Behavioral Psychology

Extinction

By  | 

We wrote an article on using extinction to stop unwanted behaviors, on how it takes more skill, planning, and patience than punishment but is a much better, more humane method to get what you want.

This is not to say that it’s a bed of roses for the organism being subjected to extinction though. Common responses include frustration, anger, aggression, and anxiety. We take our cues on how to behave from the reinforcements we receive, and when these reinforcements suddenly disappear so that there are no cues whatsoever on how to proceed, the predictable outcome is psychological and emotional pain.

But not all pain is created equal. The quality of the psychological and emotional pain engendered by the process of extinction is much different from that engendered by punishment. With punishment the pain comes from a discernible source, from the authority figure who is supposed to represent nurturing and support, the authority figure who in the case of a primary caregiver represents the blueprint on which all subsequent relationships are based. With extinction the pain is more ephemeral. This pain is owned by the organism, as it were, who must bring creativity to bear in the form of a slew of new behaviors in order to once again receive the desired reinforcements.

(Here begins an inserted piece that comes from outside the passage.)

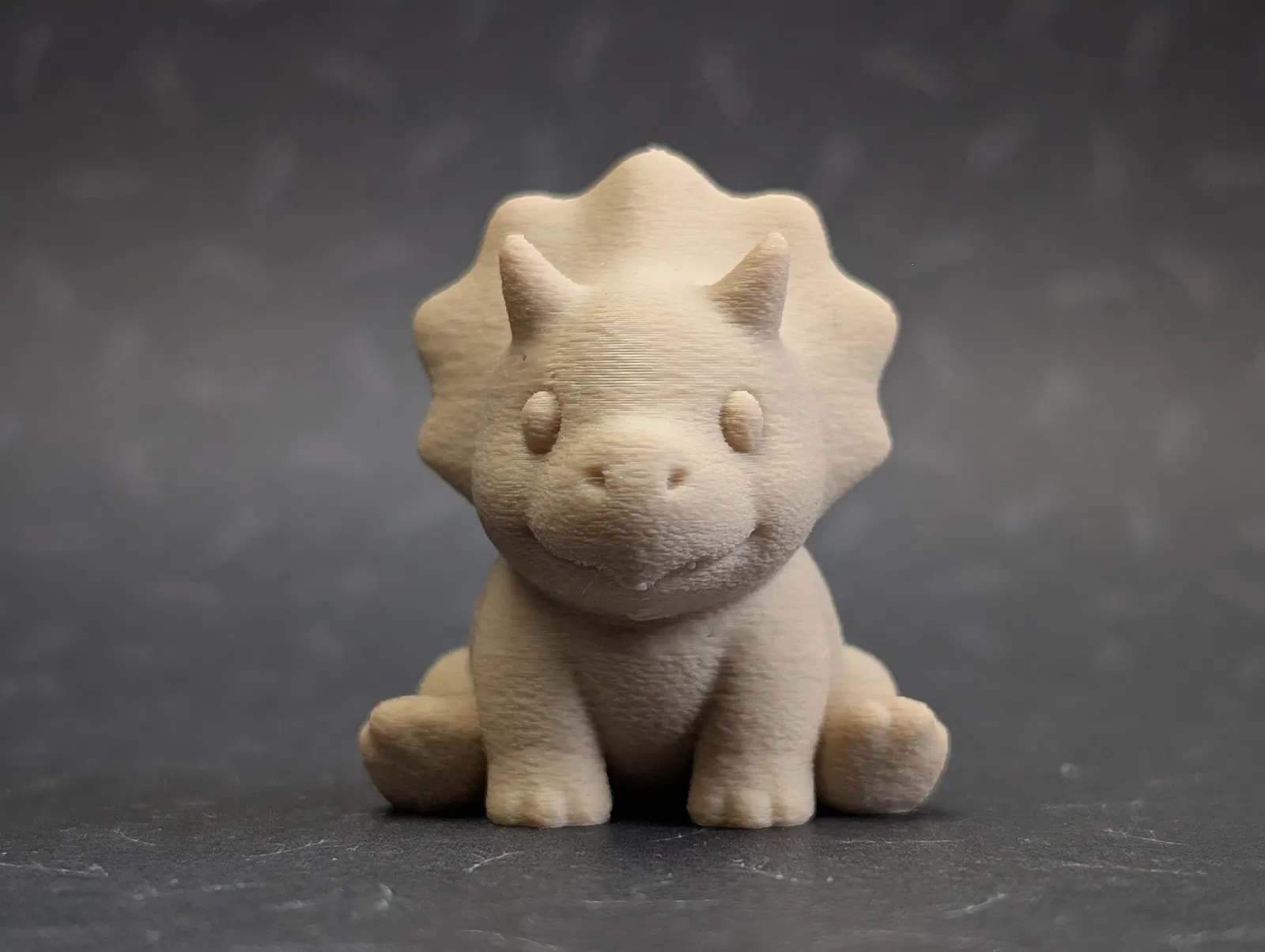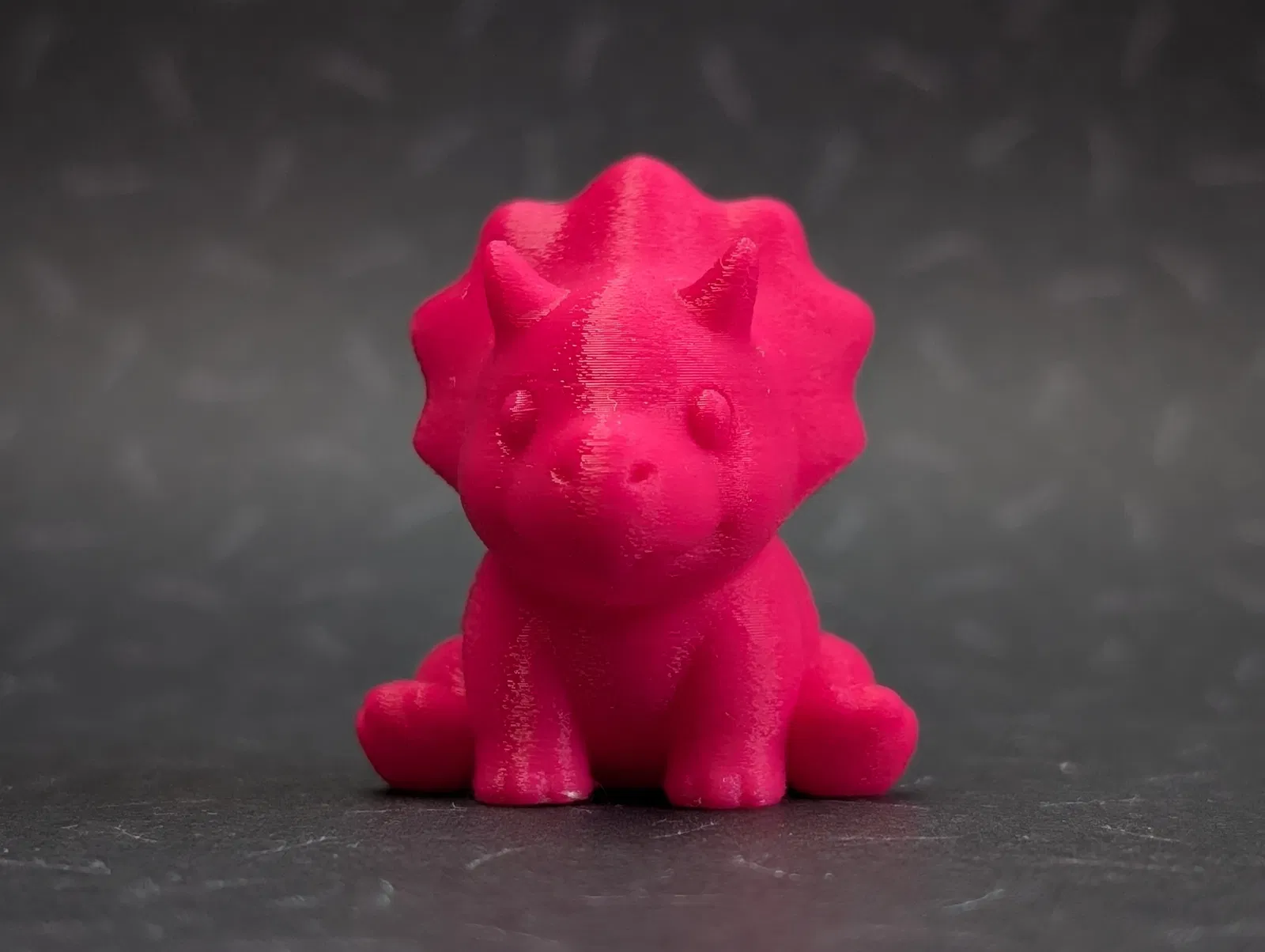 Một chú khủng long Triceratops nhỏ nhắn nhưng cực kỳ cuốn hút. Mẫu này rất dễ in, tốn ít nhựa, cực kỳ thích hợp để làm móc khóa hoặc vật phẩm trang trí xinh xắn cho góc làm việc của bạn thêm phần vui nhộn.
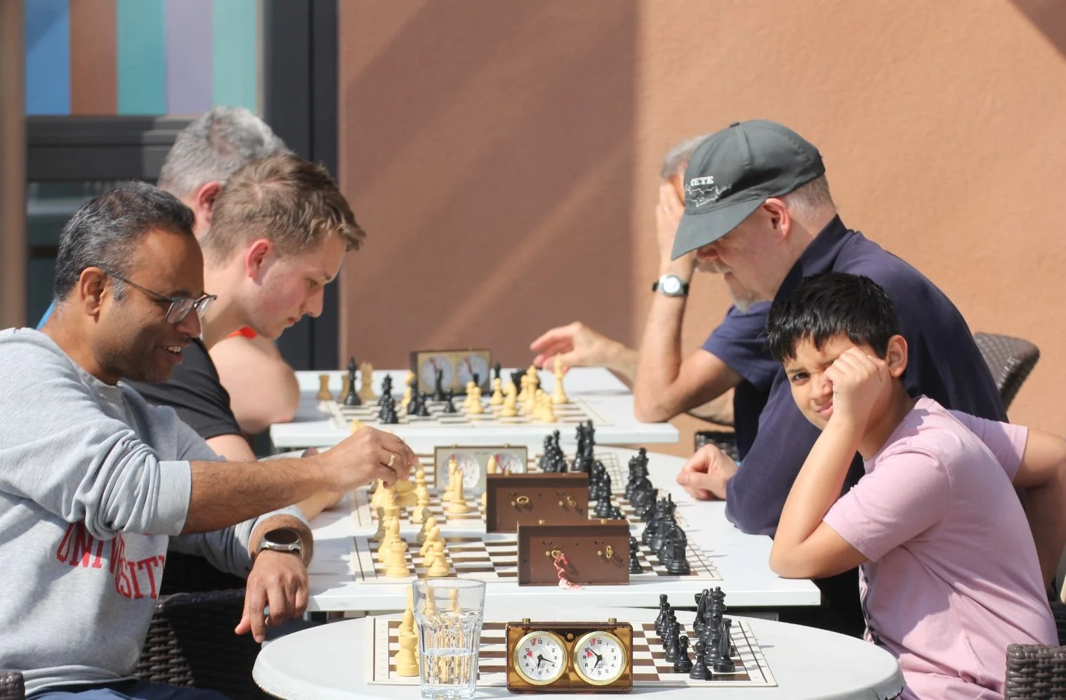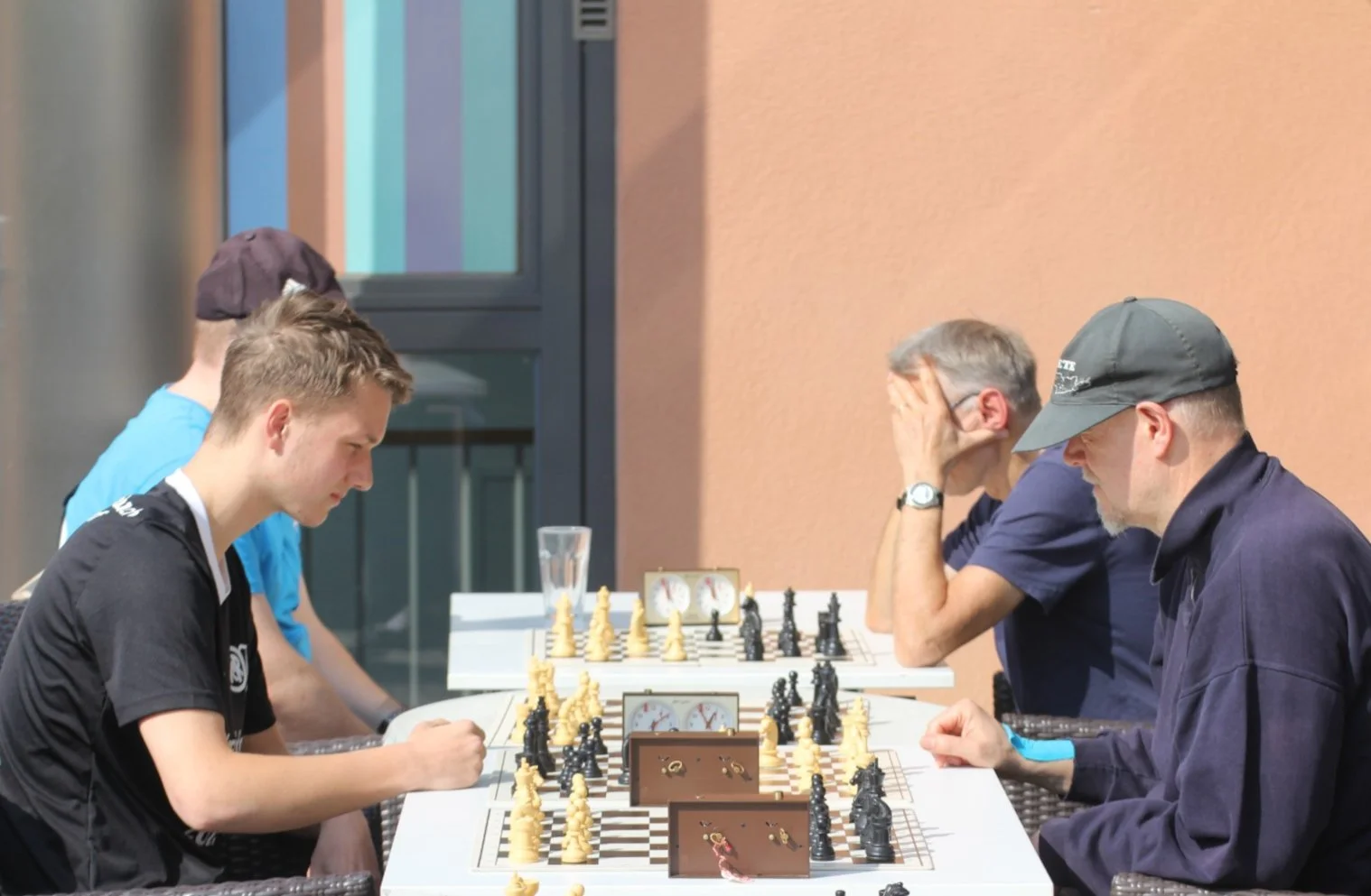 Bei herrlichem Wetter fanden einige Schachfreunde den Weg auf die Terrasse der Stadtbücherei Lauf. Mit viel Leidenschaft und Spaß wurde sowohl am Großfeld als auch an mehreren “kleinen” Bretten gespielt.

Working through a difficult problem almost always engenders frustration and anxiety but solving that problem almost always leads to feelings of elation and a sense of accomplishment, and when you think about it being subjected to extinction is working through a difficult problem. There might be a rocky period in there but when the organism finds a new response that gets the job done frustration and anxiety dissipate, and at least in the case of people, dogs, cats, and other intelligent mammalian life forms, these negative feelings are replaced by feelings of elation and a sense of accomplishment.